Agora, em pleno 2025, emerge uma nova etapa: comer menos — não por escolha consciente ou moral, mas por efeito químico.


Com o avanço e a democratização dos medicamentos para emagrecer, como os agonistas do GLP-1 (ex: semaglutida), um número crescente de brasileiros está experimentando um novo tipo de apetite: reduzido, objetivo, muitas vezes desinteressado. Os efeitos são fisiológicos, mas as consequências são culturais — e atingem toda a cadeia alimentar, da indústria aos rituais cotidianos à mesa.


Quando o apetite desaparece


Esses medicamentos não apenas reduzem a fome: eles atenuam o prazer em comer. Ao agir diretamente nos centros cerebrais de saciedade, interferem em um dos impulsos mais básicos da espécie humana. E isso tem implicações profundas.


Se antes o consumo era guiado por estímulos visuais, sociais e emocionais (o “comer por prazer”), agora muitos relatam um impulso oposto: a indiferença. A comida deixa de ser um evento e se torna necessidade. Para uma cultura como a brasileira, onde a refeição é espaço de socialização, identidade e afeto, isso representa uma disrupção.


A indústria responde


Os primeiros sinais dessa transformação já aparecem nos números. Vendas de doces, salgadinhos, refrigerantes e fast food desaceleram discretamente. O que parecia um movimento de busca por saudabilidade, agora se revela também como um desdobramento farmacológico. O apetite está em mutação — e o mercado precisa se adaptar.


Marcas reformulam embalagens para porções menores, redes de alimentação testam menus com mais proteína e fibra. E um novo setor se fortalece: o de alimentos funcionais, com promessas de nutrição eficiente, saciedade e “performance metabólica”. Em outras palavras, comer menos, com mais propósito.


Psicologia do consumo sob pressão


O fenômeno também desafia pilares da psicologia alimentar.
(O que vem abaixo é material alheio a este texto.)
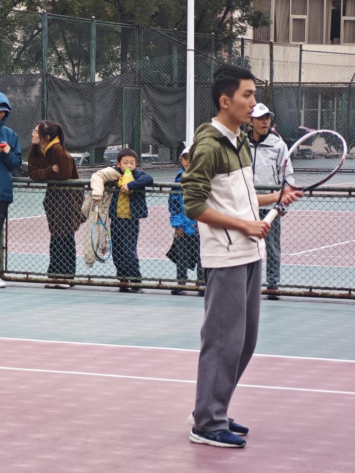 郑睿扬在网前准备截击,后面的小朋友聚精会神地观战

Por décadas, a alimentação foi entendida como expressão de vínculos emocionais: conforto, recompensa, celebração.

Agora, a farmacologia propõe um corte artificial nesse laço — o desejo não desaparece por amadurecimento, mas por intervenção.


Isso gera tensões: para quem come menos, eventos sociais podem parecer excessivos; para quem mantém o apetite, o novo comportamento pode soar alienado ou até frio. Surge uma divisão invisível à mesa, onde a linguagem simbólica da comida já não é mais compartilhada da mesma forma.


E o futuro da gastronomia?


Resta à cultura gastronômica repensar seus próprios valores. A abundância sempre foi um símbolo de generosidade e sofisticação. Mas quando a saciedade é química, o luxo pode passar a ser a precisão. Porções menores, sabores concentrados, menos variedade — mais significado.


A comida, antes extensão do desejo, pode tornar-se um gesto quase meditativo. Não mais sobre “o que vamos comer?”, mas “por que vamos comer isso?”.


Um divisor de águas


O impacto dos medicamentos para emagrecer vai além do emagrecimento. Ele toca no núcleo da nossa relação com o corpo, com o prazer e com o outro. O apetite, afinal, sempre foi uma metáfora poderosa: desejar é humano.


Ao controlar o apetite, não estamos apenas alterando o corpo — estamos transformando o modo como existimos em sociedade. Comer sempre foi mais do que nutrição. E talvez estejamos entrando em uma era em que comer menos será mais do que uma tendência: será uma nova forma de estar no mundo.